INFORMATION SUPPLIED:
▼▼▼
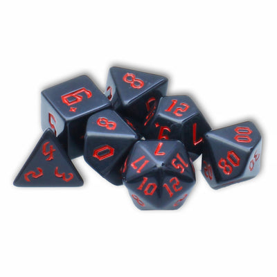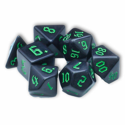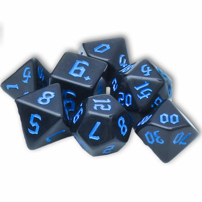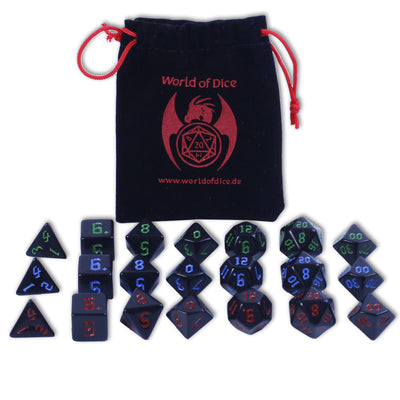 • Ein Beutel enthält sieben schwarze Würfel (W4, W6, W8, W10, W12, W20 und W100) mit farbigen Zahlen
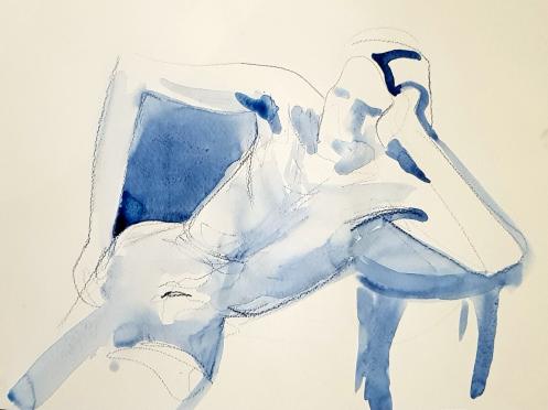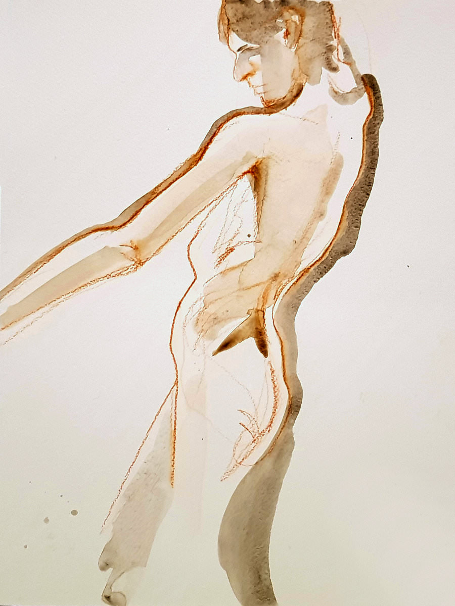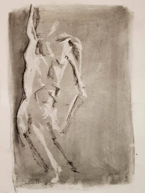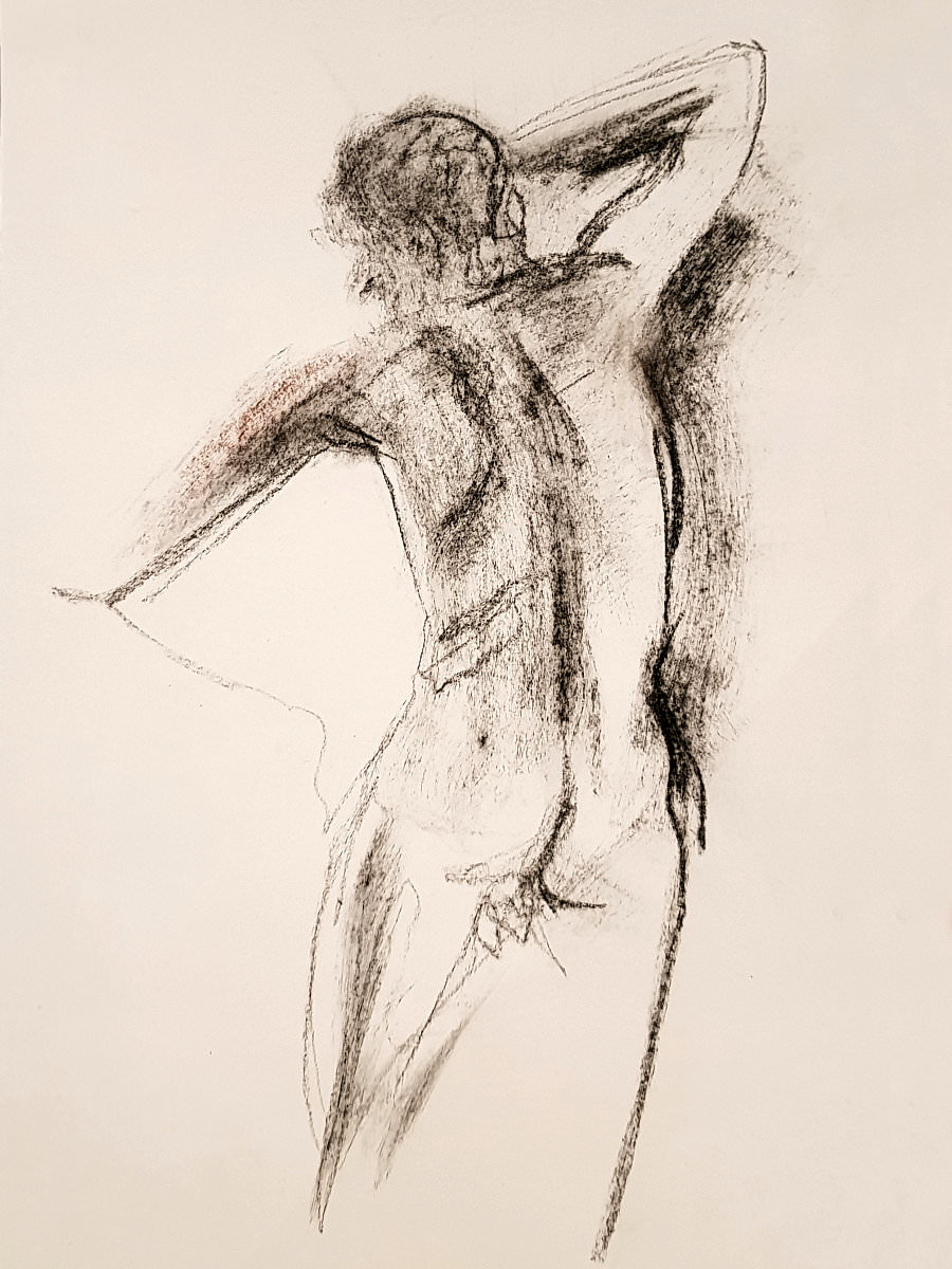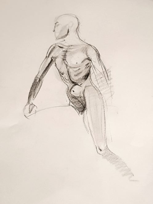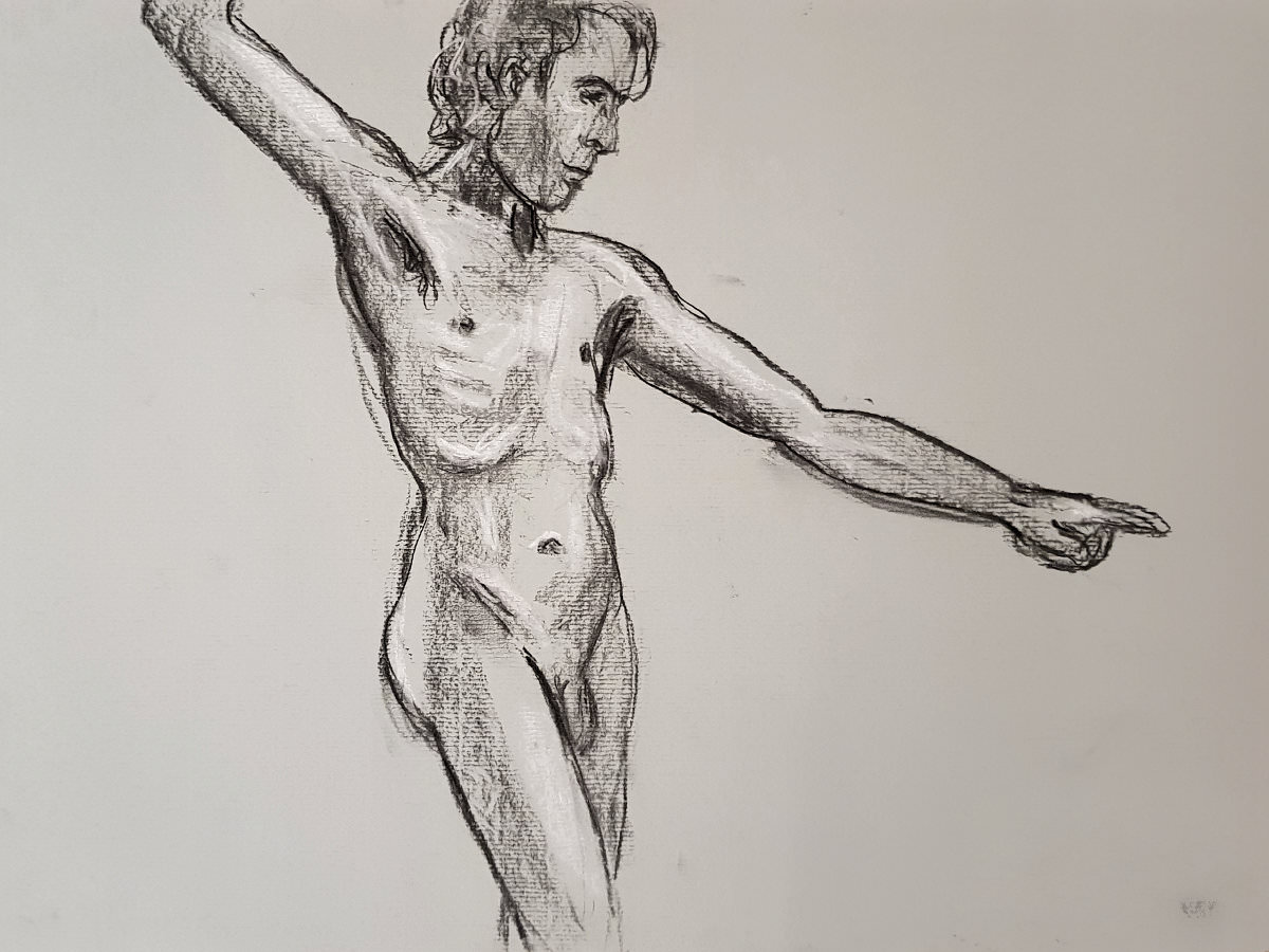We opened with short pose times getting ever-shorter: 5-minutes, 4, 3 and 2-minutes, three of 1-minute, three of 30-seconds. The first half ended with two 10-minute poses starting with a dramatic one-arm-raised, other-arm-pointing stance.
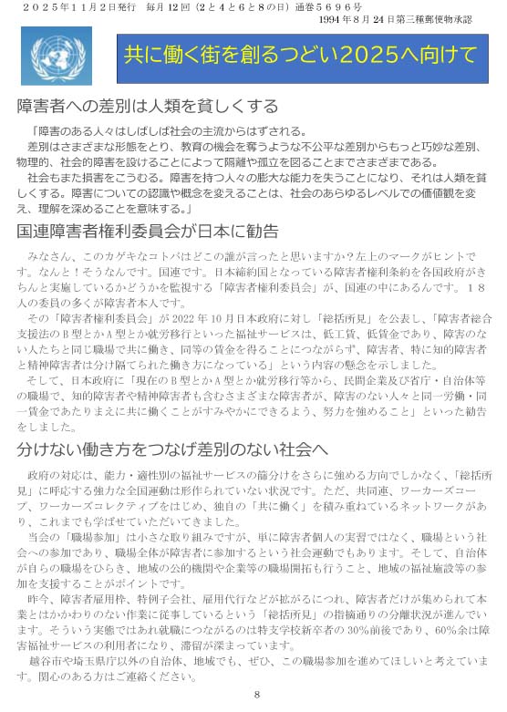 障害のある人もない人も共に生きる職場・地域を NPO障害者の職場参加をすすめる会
▲▲▲
AIM OF THE EXERCISE:
Return the lines from the one that contains "We opened with" through the final line of the listing above, inclusive. Transcribe them exactly and drop the pictures.

RESULT FOR THIS TASK:
We opened with short pose times getting ever-shorter: 5-minutes, 4, 3 and 2-minutes, three of 1-minute, three of 30-seconds. The first half ended with two 10-minute poses starting with a dramatic one-arm-raised, other-arm-pointing stance.
 障害のある人もない人も共に生きる職場・地域を NPO障害者の職場参加をすすめる会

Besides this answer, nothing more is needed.